In healthy monkeys and monkeys with acute lung injury undergoing ventilation, simultaneous Ppl and Pes were measured directly to determine the Ppl-Pes tissue barrier amplitude frequency response, using the swept-sine wave technique. The bandwidths of physiologic Pes waveforms acquired during conventional mechanical ventilation were calculated using digital low-pass signal filtering.
The Ppl-Pes tissue barrier is amplitude-uniform within the bandwidth of conventional Pes waveforms in healthy and acute lung injury lungs, and does not significantly attenuate Ppl-Pes signal transmission between 1 and 40 Hz. At Pes frequencies higher than conventional clinical regions of interest the Ppl-Pes barrier resonates significantly, is pressure amplitude dependent at low-pressure offsets, and is significantly altered by acute lung injury. Allowing for 5% or less Pes waveform error, the maximum Pes bandwidths during conventional ventilation were 1.9 Hz and 3.4 Hz for physiologic and extreme-case waveforms in healthy lungs and 4.6 Hz and 8.5 Hz during acute lung injury.
In monkeys, the Ppl-Pes tissue barrier has a frequency response suitable for Ppl estimation during low-frequency mechanical ventilation, and Pes manometers should have a minimum uniform frequency response up to 8.5 Hz. However, the Ppl-Pes tissue barrier adversely affects the accurate estimation of dynamic Ppl at high frequencies, with varied airway pressure amplitudes and offsets, such as the Ppl encountered during high-frequency oscillatory ventilation.
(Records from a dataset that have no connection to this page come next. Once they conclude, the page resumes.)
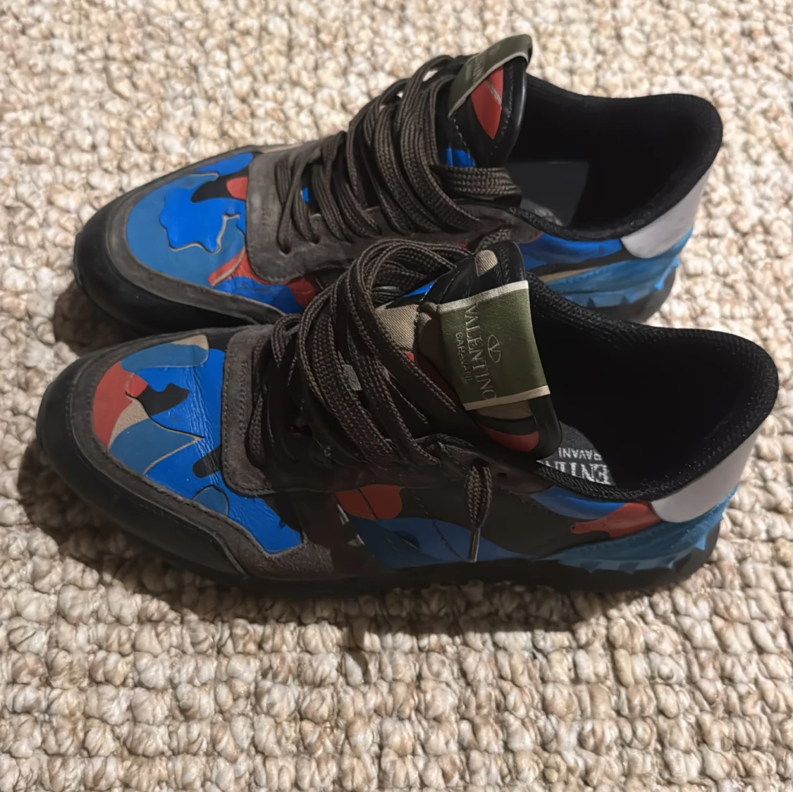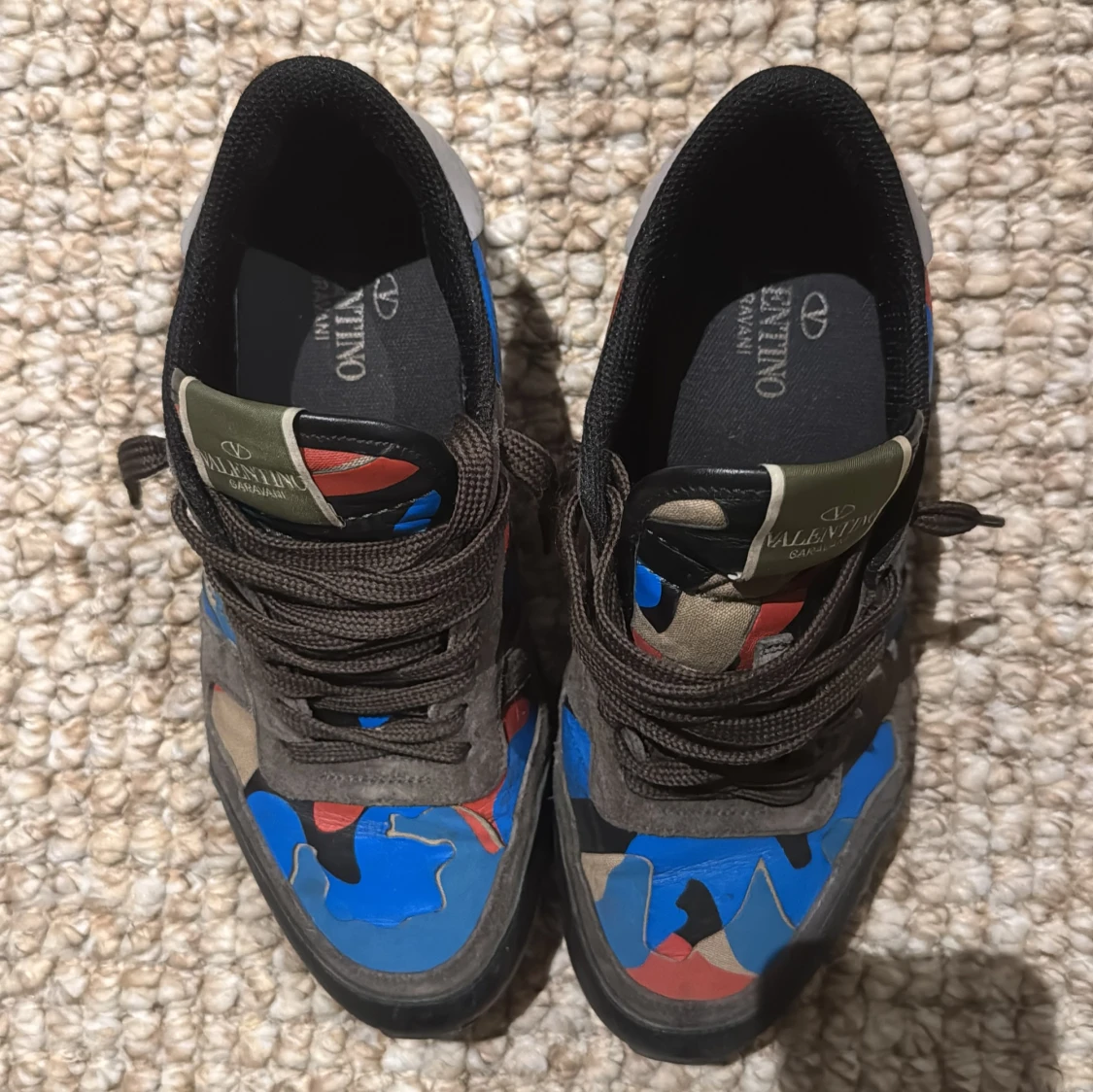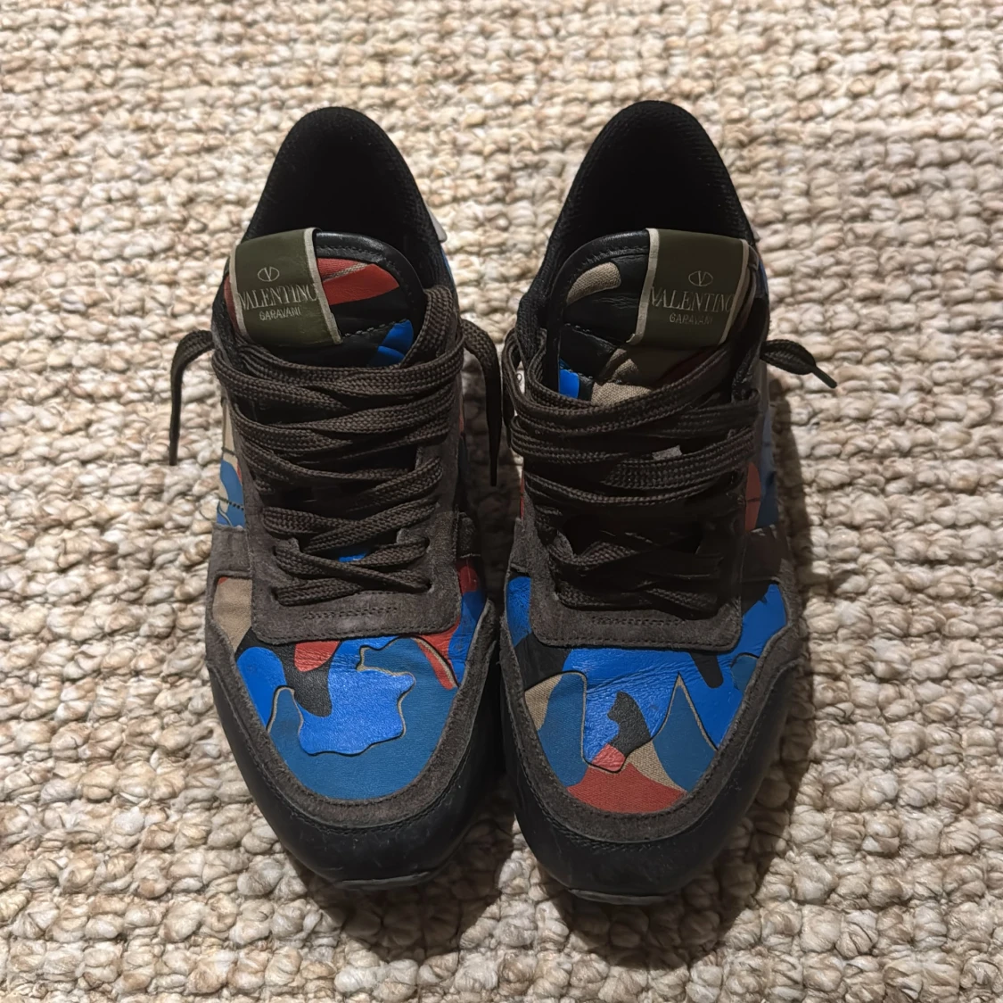 Säljer ett par Valentino Garavani Rockrunner sneakers med unik camouflage-mönstrad ovandel i blått, rött, beige och svart. Skorna har bruna mockadetaljer, svarta snören och robust gummisula. Perfekt för dig som vill sticka ut med exklusiva och färgstarka sneakers. Ingen box eller så, hör av er vid funderingar.
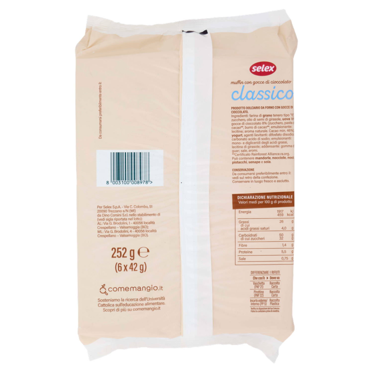 Selex Muffin con Gocce di Cioccolato 6x42 g
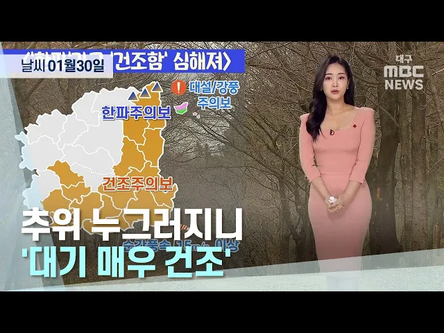 지난주까지 코끝이 매섭던 '냉동고 한파'의 기세가 약해졌습니다.'한파특보'도 기온이 낮은 경북 북동 산지를 제외하고 모두 해제가 되었는데요. '한파'가 물러가니 '건조함'이 문제입니다. 현재 대구와 경북 동해안과 경북 남부 내륙을 중심으로 '건조주의보'가 발효 중이고요. 1월 30일 우리 지역 바람도 순간풍속 15m/s ...
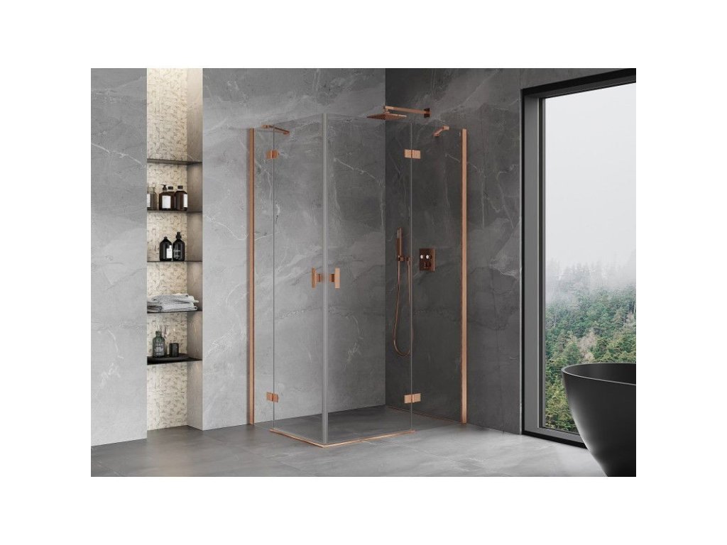 MEXEN/S - Mist H Duo sprchový kout dveře křídlové 70 x 80, transparent, měď kartáčovaná 8A5-070L-080P-65-00

DYNAMIC intraesophageal pressure (Pes) is measured to estimate intrapleural pressure (Ppl) for the calculation of dynamic transpulmonary pressure and lung compliance. 1The accurate representation of dynamic Ppl using Pes measurements depends on the amplitude and phase frequency response of the intrapleural to intraesophageal tissue barrier (Ppl–Pes tissue barrier). This response is important for the accurate construction of dynamic lung compliance loops and resistance calculations and for the potential measurement of Pes during high-frequency oscillatory ventilation. 2,3One study directly compared Pes and Ppl in healthy adult dogs 4; however, direct Ppl and Pes comparisons to determine the frequency response of the primate Ppl–Pes barrier have not been published.
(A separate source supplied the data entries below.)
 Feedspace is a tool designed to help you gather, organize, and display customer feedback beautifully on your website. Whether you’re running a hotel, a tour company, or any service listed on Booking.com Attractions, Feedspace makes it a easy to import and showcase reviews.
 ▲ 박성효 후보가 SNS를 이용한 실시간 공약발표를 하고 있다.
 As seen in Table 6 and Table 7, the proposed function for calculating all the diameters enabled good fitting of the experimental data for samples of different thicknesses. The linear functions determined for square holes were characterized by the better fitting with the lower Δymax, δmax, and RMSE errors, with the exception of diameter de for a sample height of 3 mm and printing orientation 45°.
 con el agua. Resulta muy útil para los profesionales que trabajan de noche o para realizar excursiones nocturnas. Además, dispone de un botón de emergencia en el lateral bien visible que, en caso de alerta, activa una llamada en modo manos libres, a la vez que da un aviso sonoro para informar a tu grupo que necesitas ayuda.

Intraesophageal pressure manometers should have a uniform frequency response and linear phase shift over the dynamic Pes bandwidth. Frequency response characteristics of clinically used Pes manometers have been investigated 5–7but suggested minimum frequency response requirements for Pes manometers are based on dynamic airway pressure (Paw) waveform bandwidths. 8No data quantifying Pes bandwidth in primates have been published. Assumptions that Pes bandwidth is the same as Paw bandwidth may be invalid because Paw frequency components transmitted to Pes may be amplified or attenuated.
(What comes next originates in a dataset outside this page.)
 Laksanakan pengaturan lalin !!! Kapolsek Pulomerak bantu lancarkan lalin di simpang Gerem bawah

We hypothesize that the Ppl–Pes tissue barrier has a uniform amplitude frequency response within the clinically relevant Pes waveform bandwidth, and is uniform, amplitude independent, and lung-condition independent at low and high frequencies. We aim to determine the frequency response of the primate Ppl–Pes tissue barrier using simultaneous Ppl and Pes measurements in healthy mechanically ventilated monkeys, and those with acute lung injury (ALI). Furthermore, we aim to quantify the dynamic response requirements of Pes manometers by determining Pes bandwidth before and after ALI.
Twelve female Vervet monkeys (Cercopithecus aephiops , 3.9 ± 0.60 kg) were anesthetized (20 mg/kg ketamine induction and 10 mg · h−1· kg−1ketamine, > 30 μg · h−1· kg−1sufentanil [Janssen-Cilag, Johannesburg, South Africa], and 5 μg · h−1· kg−1adrenaline maintenance continuous infusions), paralyzed (10 μg · h−1· kg−1vecuronium [Omnimed, Johannesburg, South Africa]), intubated orally (cuffed 4.5 mm, Mallinkrodt, Athlone, Ireland), and mechanically ventilated in the supine position with warm humidified 100% O2(fraction of inspired oxygen [FIO2]= 1.0) using a high-flow-rate pressure-cycle pressure-limit ventilator (model 105; Preemicare, San Antonio, Texas). University Animal Ethics Clearance (96/113/2B) was obtained. The right femoral vein was cannulated for injection of oleic acid to produce ALI.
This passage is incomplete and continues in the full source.